Input below:
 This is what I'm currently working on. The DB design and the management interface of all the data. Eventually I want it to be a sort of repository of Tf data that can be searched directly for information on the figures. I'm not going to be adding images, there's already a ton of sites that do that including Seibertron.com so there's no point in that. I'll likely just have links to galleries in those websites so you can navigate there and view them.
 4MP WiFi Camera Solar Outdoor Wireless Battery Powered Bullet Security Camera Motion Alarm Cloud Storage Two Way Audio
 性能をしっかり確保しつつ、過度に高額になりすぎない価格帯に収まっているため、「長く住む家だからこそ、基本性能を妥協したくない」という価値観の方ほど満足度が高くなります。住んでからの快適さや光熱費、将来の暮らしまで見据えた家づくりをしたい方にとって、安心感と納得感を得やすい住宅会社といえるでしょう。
End of Input.
Input below:
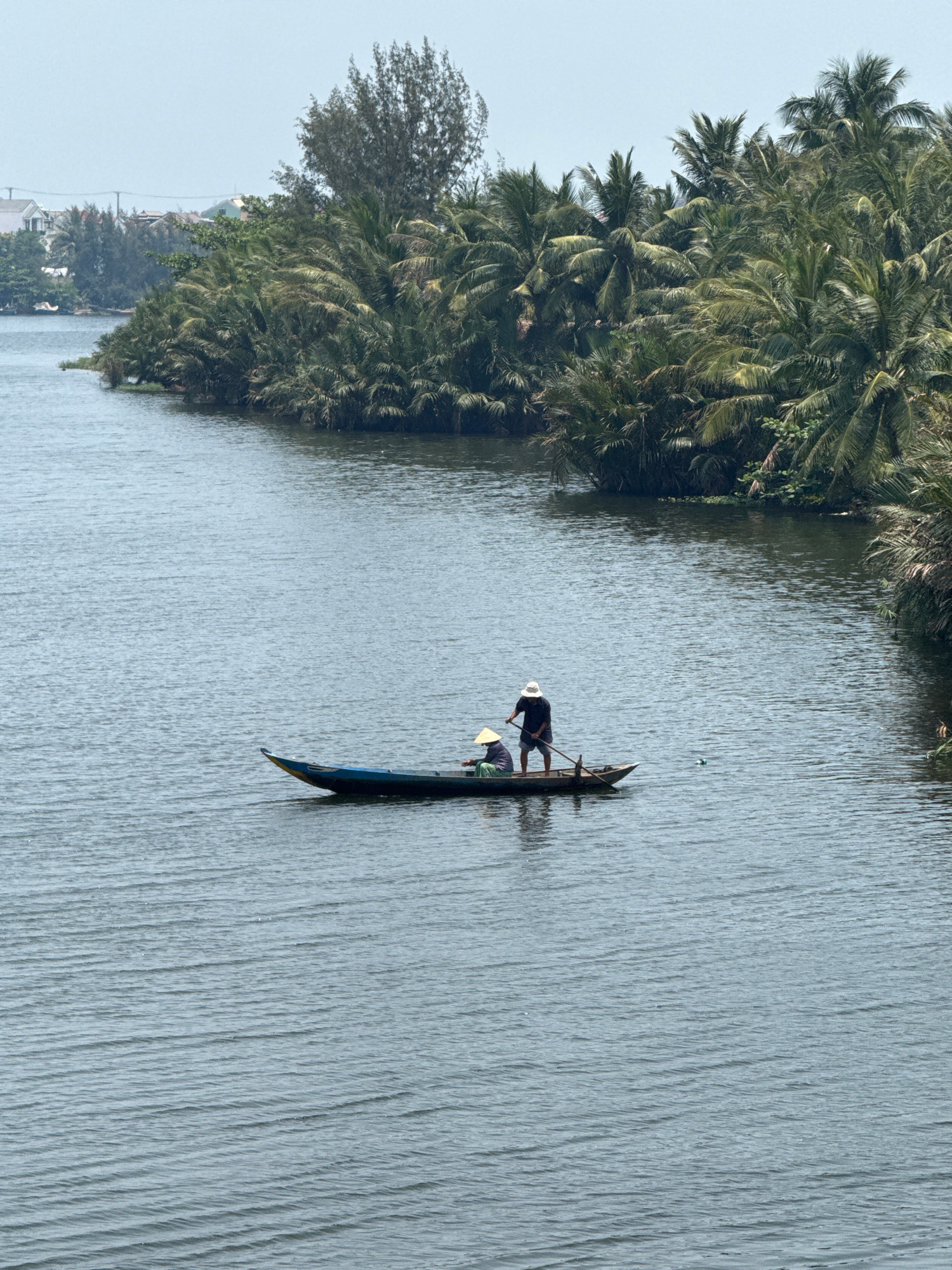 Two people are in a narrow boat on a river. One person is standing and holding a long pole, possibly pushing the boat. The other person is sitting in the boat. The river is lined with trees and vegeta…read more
End of Input.
Exercise: Using the material above, transcribe exactly the lines from the line with "This is what" to the line with "性能をしっかり確保しつつ、過"; both count, and nothing else goes in.

Answer section:
 This is what I'm currently working on. The DB design and the management interface of all the data. Eventually I want it to be a sort of repository of Tf data that can be searched directly for information on the figures. I'm not going to be adding images, there's already a ton of sites that do that including Seibertron.com so there's no point in that. I'll likely just have links to galleries in those websites so you can navigate there and view them.
 4MP WiFi Camera Solar Outdoor Wireless Battery Powered Bullet Security Camera Motion Alarm Cloud Storage Two Way Audio
 性能をしっかり確保しつつ、過度に高額になりすぎない価格帯に収まっているため、「長く住む家だからこそ、基本性能を妥協したくない」という価値観の方ほど満足度が高くなります。住んでからの快適さや光熱費、将来の暮らしまで見据えた家づくりをしたい方にとって、安心感と納得感を得やすい住宅会社といえるでしょう。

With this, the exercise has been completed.